As seen in T188085, some pybal messages are being omitted on the systemd journal on certain conditions. For example:
$ sudo journalctl -u pybal --since=yesterday | grep bgp Feb 22 09:04:17 lvs1006 pybal[15389]: [bgp] INFO: State is now: IDLE Feb 22 09:06:28 lvs1006 pybal[24481]: [bgp] INFO: State is now: IDLE Feb 22 09:06:30 lvs1006 pybal[26025]: [bgp] INFO: (Re)connect to 208.80.154.197 Feb 22 09:06:30 lvs1006 pybal[26025]: [bgp] INFO: State is now: CONNECT Feb 22 09:06:30 lvs1006 pybal[26025]: [bgp] INFO: State is now: CONNECT Feb 22 09:06:30 lvs1006 pybal[26025]: [bgp] INFO: State is now: OPENSENT Feb 22 09:13:12 lvs1006 pybal[26025]: [bgp] INFO: State is now: IDLE
VS
vgutierrez@lvs1006:~$ zgrep bgp /var/log/pybal.log.15.gz Feb 22 09:06:28 lvs1006 pybal[24481]: [bgp] INFO: State is now: IDLE Feb 22 09:06:30 lvs1006 pybal[26025]: [bgp] INFO: (Re)connect to 208.80.154.197 Feb 22 09:06:30 lvs1006 pybal[26025]: [bgp] INFO: State is now: CONNECT Feb 22 09:06:30 lvs1006 pybal[26025]: [bgp] INFO: State is now: CONNECT Feb 22 09:06:30 lvs1006 pybal[26025]: [bgp] INFO: State is now: OPENSENT Feb 22 09:06:30 lvs1006 pybal[26025]: [bgp] INFO: OPEN: version: 4 ASN: 14907 hold time: 30 id: 3494943429 Feb 22 09:06:30 lvs1006 pybal[26025]: [bgp] INFO: Hold time: 30 Keepalive time: 10 Feb 22 09:06:30 lvs1006 pybal[26025]: [bgp] INFO: State is now: OPENCONFIRM Feb 22 09:06:30 lvs1006 pybal[26025]: [bgp] INFO: State is now: ESTABLISHED
As @MoritzMuehlenhoff pointed out, this behaviour can be related to systemd journal rate limiting.
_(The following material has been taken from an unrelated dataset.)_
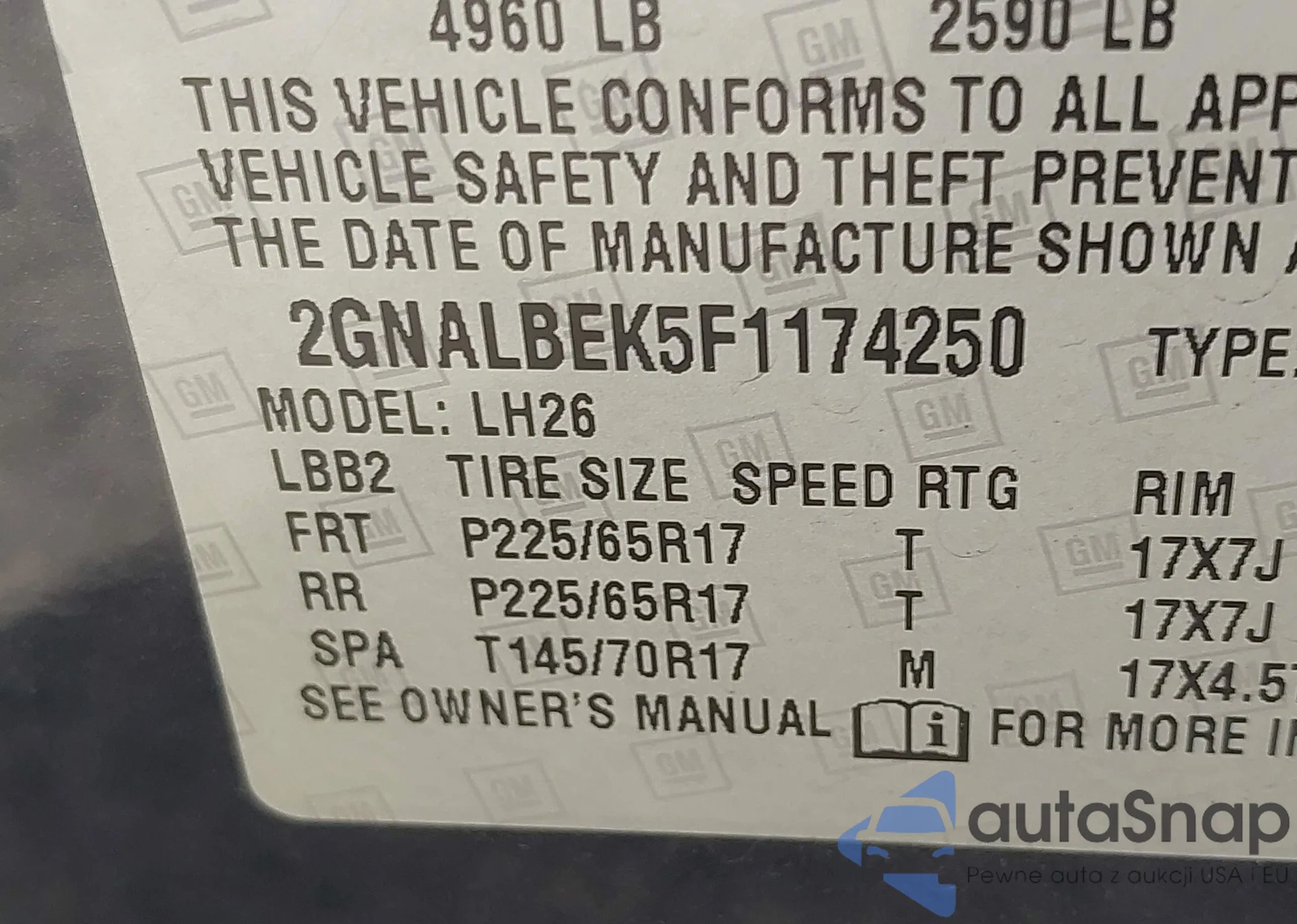 VIN: 2GNALBEK5F1174250

PyBal doesn't configure rate limiting at all and lvs1006 is running with the default values:
[Journal] #Storage=auto #Compress=yes #Seal=yes #SplitMode=uid #SyncIntervalSec=5m #RateLimitInterval=30s #RateLimitBurst=1000
And from 09:06:28 to 09:06:32 (6 seconds) 854 messages were logged.
We need to set a proper rate limiting policy for pybal to avoid this kind of issue.